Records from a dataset
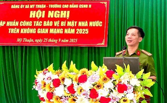 Ngày 25/9/2025, Khoa Ngoại ngữ - Tin học, Trường Cao đẳng Cảnh sát nhân dân II phối hợp với Công an xã Mỹ Thuận, tỉnh Vĩnh Long tổ chức Hội nghị tập huấn công tác bảo vệ bí mật nhà nước trên không gian mạng tại xã Mỹ Thuận.
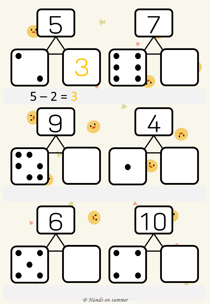 뺄셈을 연습하며 세 수의 관계를 인식하기
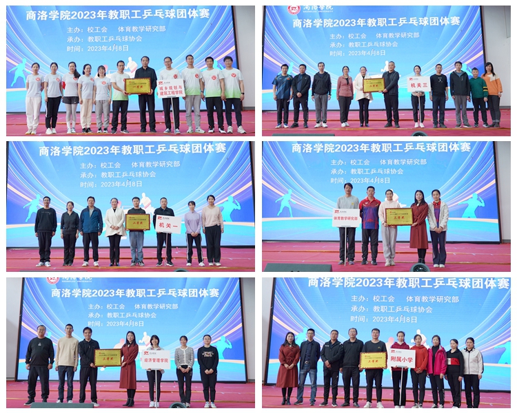 4月8日,我校2023年教職工乒乓球團(tuán)體賽在丹江校區(qū)體育館順利舉行。來自學(xué)校各工會(huì)分會(huì)以及商洛學(xué)院附屬小學(xué)、附屬幼兒園的17支代表隊(duì),包括運(yùn)動(dòng)員、裁判員及教練200余人參加了比賽。副校長王新軍、商洛學(xué)院附屬小學(xué)校長趙阿玲、附屬幼兒園園長劉莉莉出席活動(dòng)并為獲獎(jiǎng)代表隊(duì)頒獎(jiǎng)。工會(huì)及體育教學(xué)研究部相關(guān)負(fù)責(zé)人參加活動(dòng)。
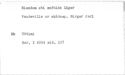//// Blandom uti enfalds läger //// Vaudeville ur skådesp. Birger Jarl //// Mk Uttini //// Ser, I 4994 sid. 137 ////
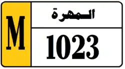 Al Mahrah Governorate License Plates consist of black text and black boundary on white background. Hadramaout Governorate plates consist of the governorate name in Arabic (المهرة) and a 4 digit number. Al-Mahrah Governorate plates also have a strip on the left hand side with the letter M in black on a background whose color depends on the classification of the vehicle. Similar to Hadramout, The license plates for Al-Mahrah use a unique serif font.[5]
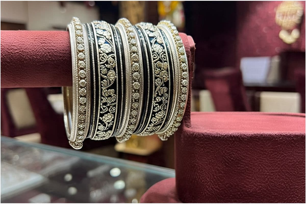 ऑक्सीडाइज़्ड सिल्वर चूड़ियां जो आपको पारंपरिक लुक देती हैं.एथनिक वेयर जैसे साड़ी, सूट या लहंगे के साथ बेहद खूबसूरत लगती हैं. लड़कियां इन्हें कॉलेज या फेस्टिव फंक्शन में पहनना पसंद करती हैं.
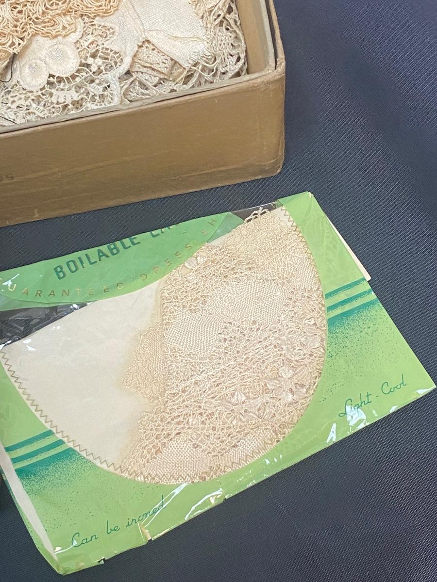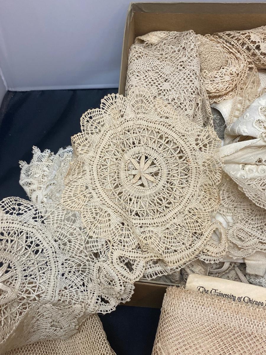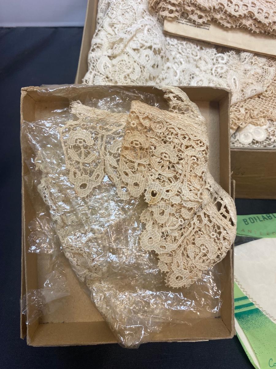 Mixed style lot of vintage and antique lace. Crochet style lace pieces. Many different patterns. Various lengths.
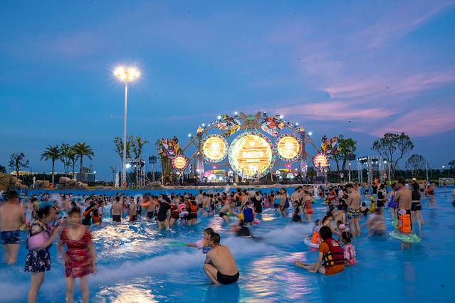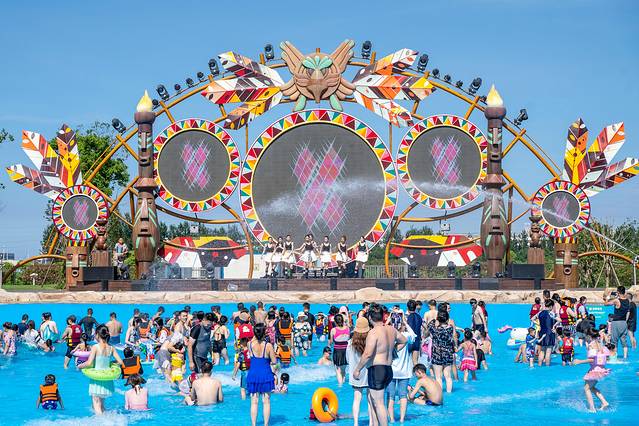 在室外水乐园享受清凉,夜场的狂欢开始,在浪花与电音的完美融合和梦幻灯光秀里热辣开场,热情的DJ,狂热的舞台,精彩的表演、还有泳池里热闹的人群,这才是夏日最值得体验的夜生活,不得不说现场简直嗨爆了。
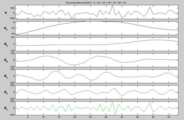 用db小波做分解,图形如何解释啊,a5就是最后的低频部分吗,是不是可以通过a5看数据的趋势?
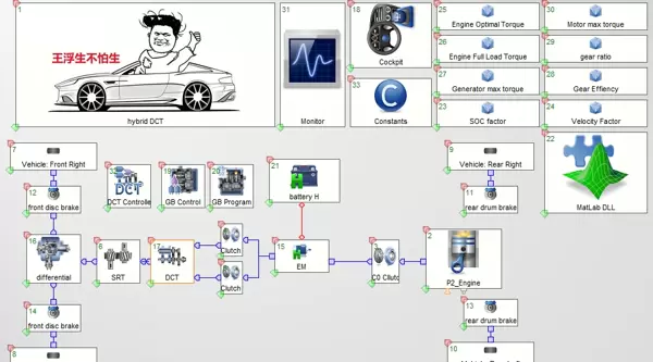 该仿真体系的核心架构由CRUISE和Simulink协同构建而成。其中,整车动力学模型在CRUISE环境中建立,而控制策略部分则完全基于MATLAB/Simulink平台开发。策略模型通过C++编译器转化为dll动态链接库文件,供CRUISE调用,从而实现两个软件间的联合仿真运行。这种集成方式充分发挥了Simulink在控制算法设计方面的优势,以及CRUISE在整车系统级仿真中的高精度特性。
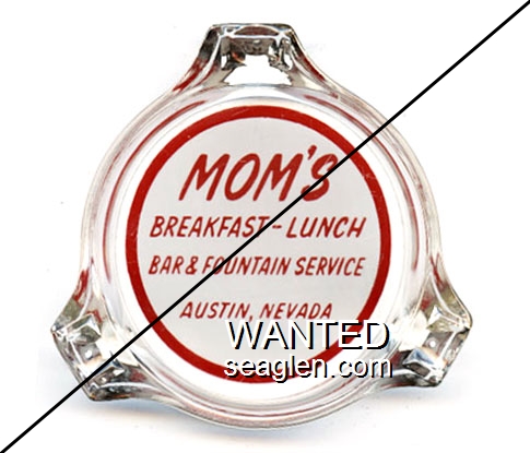 MOM-A1 Mom's 3 1/4" Clear Glass Ashtray "Mom's, Breakfast - Lunch, Bar & Fountain Service, Austin, Nevada" - Red on white |
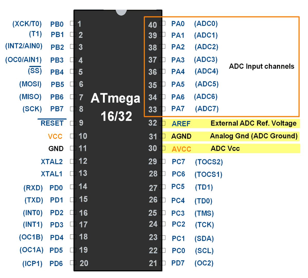 - ADC (Analog-Digital Converter, Analog-raqamli Konverteri, “Аналого-Цифровой Преобразователь”, “АЦП”) – yuborilgan signal kuchlanishini, analog signal darajasini o’lchash va uni raqamlashtirish bloki. Bunday imkoniyatga ega bo’lgan pinlar analog pinlar deb ataladi.
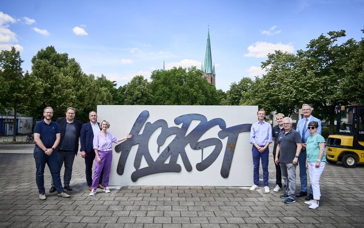 Auf dem Josef-Büscher-Platz in Gelsenkirchen-Horst wurde ein neuer Schriftzug vorgestellt, der künftig als Wahrzeichen und Fotospot dienen soll.

HOW TO COMPLETE THIS TASK:
Repeat the exact lines from the first line of the data through the line containing "4月8日,我校2023年教職". Nothing else, no pictures.

YOUR SOLUTION:
 Ngày 25/9/2025, Khoa Ngoại ngữ - Tin học, Trường Cao đẳng Cảnh sát nhân dân II phối hợp với Công an xã Mỹ Thuận, tỉnh Vĩnh Long tổ chức Hội nghị tập huấn công tác bảo vệ bí mật nhà nước trên không gian mạng tại xã Mỹ Thuận.
 뺄셈을 연습하며 세 수의 관계를 인식하기
 4月8日,我校2023年教職工乒乓球團(tuán)體賽在丹江校區(qū)體育館順利舉行。來自學(xué)校各工會(huì)分會(huì)以及商洛學(xué)院附屬小學(xué)、附屬幼兒園的17支代表隊(duì),包括運(yùn)動(dòng)員、裁判員及教練200余人參加了比賽。副校長王新軍、商洛學(xué)院附屬小學(xué)校長趙阿玲、附屬幼兒園園長劉莉莉出席活動(dòng)并為獲獎(jiǎng)代表隊(duì)頒獎(jiǎng)。工會(huì)及體育教學(xué)研究部相關(guān)負(fù)責(zé)人參加活動(dòng)。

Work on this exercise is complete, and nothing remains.